Briefing #4 | The view from New Delhi: Choices and dilemmas

The defining challenges for India as it tries to balance demands from the US administration, and its own Asian backyard, which is increasingly coming under the dragon’s shadow

Dinesh Narayanan

The final of four briefings to set context for the Masterclass series on The World in 2025, held on Friday, 31st January 2025, 6:30 pm and Friday, 7th February 2025, 6:30 pm. Read Briefing #1, #2, and #3 here.

What should we do? That is perhaps the one question that pops up in many boardroom conversations these days. “We never heard so much of geopolitics in corporate strategy meetings,” a business consultant remarked during a recent seminar organised by the Institute of South Asian Studies of the National University of Singapore in Delhi on the defining challenges of the century for India and its neighbours. 

In fact, the worry permeates to individuals and families rattled by the rapid changes in 2024, particularly in the US and Europe. The first two weeks of the Donald Trump presidency have sent giant shockwaves through the world. He and his billionaire pals promise to unwind and wreck several domestic and global institutions built over decades of hard work. And India, which has steadfastly stayed with the American bandwagon from the turn of the century but also depends on international institutions for its geopolitical space, is justifiably concerned as a new power rises in its neighbourhood. 

Eagle on a hunt

Much water has flowed down the Potomac since Trump’s previous presidency. The bonhomie of Howdy Modi in Houston and later Trump’s visit to India, even as Covid-19 was beginning to make its impact, seems like a distant past even if it was only five years ago. India’s national security advisor, home minister, and the second richest businessman can enter the US only at the risk of getting arrested. Big US investors who were making a beeline to Indian startups and emerging companies have taken a breather. India’s tax and tariff policies have spooked businesses in general. This is not to say that everything is downhill. There have been some advances in defence and intelligence cooperation. The two countries signed iCET, an agreement that would help India participate in futuristic technology development. The two countries are closer to each other than ever before. 

The future of the relationship will, however, entirely, depend on the political sagacity of the Indian leadership and negotiating skills of its diplomatic corp. To their credit, they are not leaving any stone unturned. They began hedging their bets and cultivating relationships early. That helped pave the way for India’s foreign minister S Jaishankar to be the first counterpart newly minted US secretary of state Marco Rubio met after Trump’s inauguration. Rubio’s first multilateral engagement was the meeting of the QUAD, which includes India, and is the US counterbalance to China in the Indo-Pacific. 
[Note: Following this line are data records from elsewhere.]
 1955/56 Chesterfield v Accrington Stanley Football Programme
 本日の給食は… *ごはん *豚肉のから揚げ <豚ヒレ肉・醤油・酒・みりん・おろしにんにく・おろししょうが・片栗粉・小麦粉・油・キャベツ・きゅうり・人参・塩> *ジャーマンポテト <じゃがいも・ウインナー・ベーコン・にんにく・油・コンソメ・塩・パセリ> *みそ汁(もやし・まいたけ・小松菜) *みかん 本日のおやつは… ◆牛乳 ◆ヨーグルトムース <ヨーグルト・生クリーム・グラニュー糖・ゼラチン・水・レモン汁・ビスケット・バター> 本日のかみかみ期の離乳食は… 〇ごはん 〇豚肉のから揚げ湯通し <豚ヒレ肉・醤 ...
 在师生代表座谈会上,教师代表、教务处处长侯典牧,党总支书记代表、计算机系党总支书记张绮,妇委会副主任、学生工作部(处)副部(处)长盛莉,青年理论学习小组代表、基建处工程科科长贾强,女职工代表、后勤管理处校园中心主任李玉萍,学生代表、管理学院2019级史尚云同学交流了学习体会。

Prime Minister Narendra Modi will be among the first leaders to tour Washington. The two leaders consider each other good friends but Trump has let it be known that he will keep friendships aside when it comes to business, especially when the person across the table does not have much leverage. That means India should be prepared to give a lot and be content with little in return. Even if it actually doesn't give away much, it should seem so publicly—a tough balancing act for the Indian leadership whose foreign policy choices are sometimes determined by domestic dividends. It has already indicated its unqualified willingness by readily agreeing to take back illegal immigrants and tweaking some levies in favour of US products. 

Himalayan task

Unlike the US, however, India has to contend with another superpower with which it shares a geographically perilous and disputed 3,500 km border. China and India fought a war in 1962 and had a major military standoff over territorial claims in Galwan in the icy Himalayan heights in 2020. A detente finally happened in January this year, yet the relationship is fraught with historical mistrust, plain economic and military fears, and water sharing. 

China’s approach to India in recent years has blown hot or cold relative to its equation with the US. Former foreign secretary Shyam Saran has pointed out how after the Global Finance Crisis of 2008-09, China, witness to the US’s financial meltdown, cooled on its behavioural promises made to India. It warmed up again during the Trump administration when the US president went after Beijing. 
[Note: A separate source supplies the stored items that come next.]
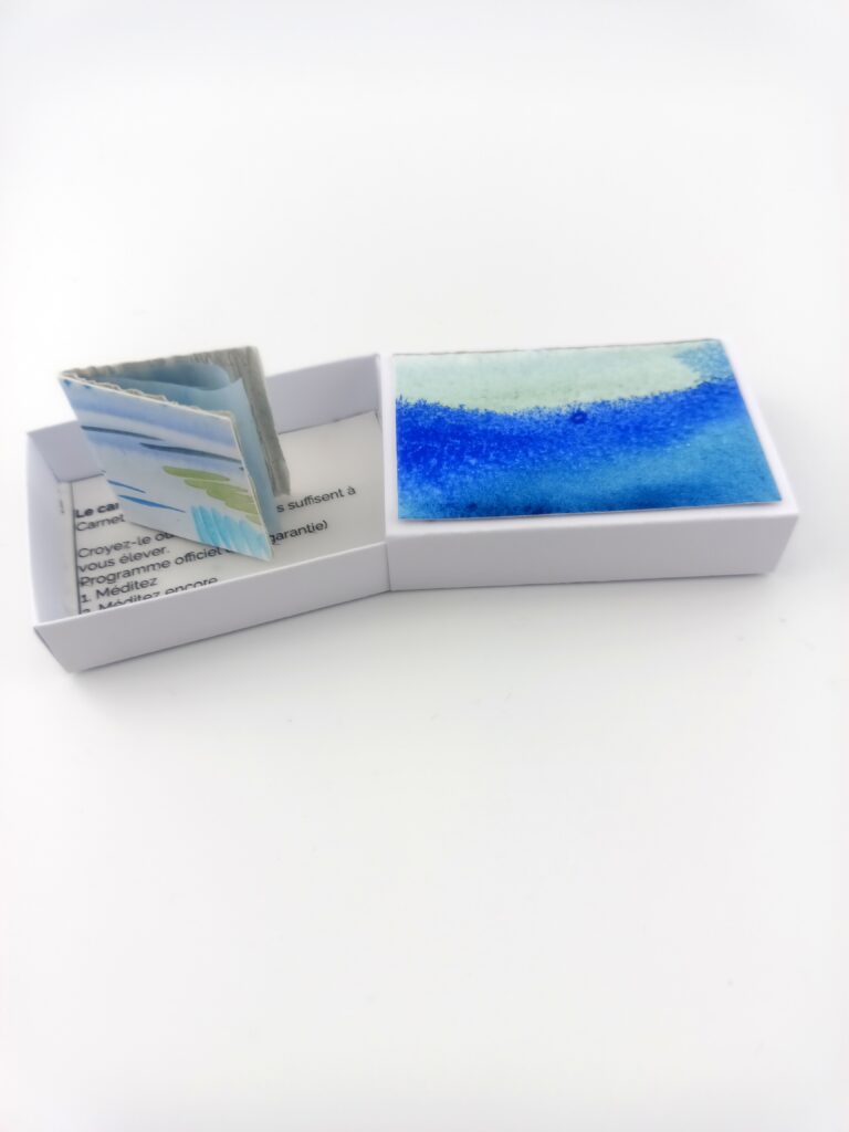 Un carnet minuscule qui ne garde que l’essentiel : le reflet, le bleu, le frémissement.
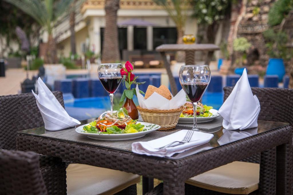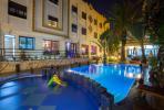 Alliant modernité et tradition marocaine, l'Atlantic Hotel dispose d'une piscine extérieure et de deux terrasses. Il se situe dans le centre d'Agadir à 10 minutes de la plage. Les chambres carrelées, et climatisées sont équipées d'une télévision Led par satellite et d'un coffre-fort. Par ailleurs, les salles de bains privatives sont pourvues d'une baignoire ou d'une douche et de toilettes. L'Atlantic Hotel sert un petit-déjeuner buffet chaque matin dans le restaurant. En soirée, vous pourrez y savourer une cuisine marocaine traditionnelle et vous détendre au bar. Vous pourrez profiter d'un massage à l'huile d'argan et vous prélasser sur la plage privée équipée de transats gratuits. La réception ornée de mosaïques propose un service de change 24h/24 et une connexion Wi-Fi est disponible dans l'ensemble de l'établissement. L'aéroport d'Agadir est situé à 25 km de l'hôtel et un parking est disponible gratuitement à l'hôtel. Un terrain de golf se trouve à 5 km et une discothèque à 700 mètres de l'établissement.
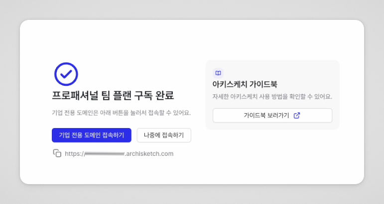 구독 경로 : 아키스케치 홈페이지 → 요금 안내 → [프로페셔널 팀 구독하기] → 결제
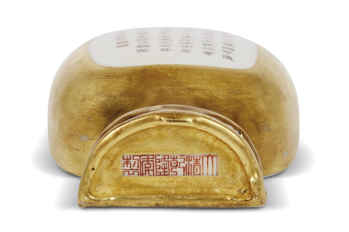 in porcellana dorata con scritte e marchi entro riserve quadrata.

China looks at India, justifiably to an extent, as a country unable to innovate and compete in the tough modern world. It prides in the might of the state to deliver security and prosperity to its people while India values being beholden to its free, dignified citizens in a way that often is a challenge to decision making. While Beijing celebrates state success above all else, New Delhi proudly embraces even individuals’ achievements as its own. This fundamental difference in the countries’ national psyche is unlikely to go away. 

In the immediate future, however, India has to sort out its economic dependency on Chinese imports, which is also creating a gaping hole in its external account. That also leads to the question of whether India can offer itself as a supply chain destination to the world. It will also have to balance demands from the US administration, which is now filled with China hawks, and its own Asian backyard, which is increasingly coming under the dragon’s shadow.

European danza

While India has been trying to align its economic model with that of the US since 1991, the influence of the non-US West has always held it back. Perhaps that is because Indian politics is largely based and practiced on the European socialist model. The friction between the two often creates budgetary headaches for the finance minister and heartburn for ruling dispensations. 

The values-driven European approach also keeps it at the forefront of regulation, which is often seen as bad for business. The latest point of contention between India and Europe is the Carbon Border Adjustment Mechanism, better known as border tax. 

The perversity of the current geopolitical situation is such that the Trump administration’s approach to climate change and diversity, equity, and inclusion favours India in terms of buying time. This is not to say that India should or can afford to skip these issues but merely that it may create headroom for it to better tailor its response and robust mechanisms to them than something unrealistic being imposed on it. 

Fraught neighbourhood

India faces instability across its eastern, western, and northern borders. Sri Lanka in the South has stabilised after elections but New Delhi worries about Chinese presence and influence there. Irritants have cropped up in the relationship after the island nation reviewed an energy project of the Adani Group. 

The conglomerate’s Bangladesh electricity supply contract is also under scrutiny after that country went through a violent regime change last year. Relations with the interim administration have acquired an edge of uncertainty since Sheikh Hasina was unseated and sought refuge in India. 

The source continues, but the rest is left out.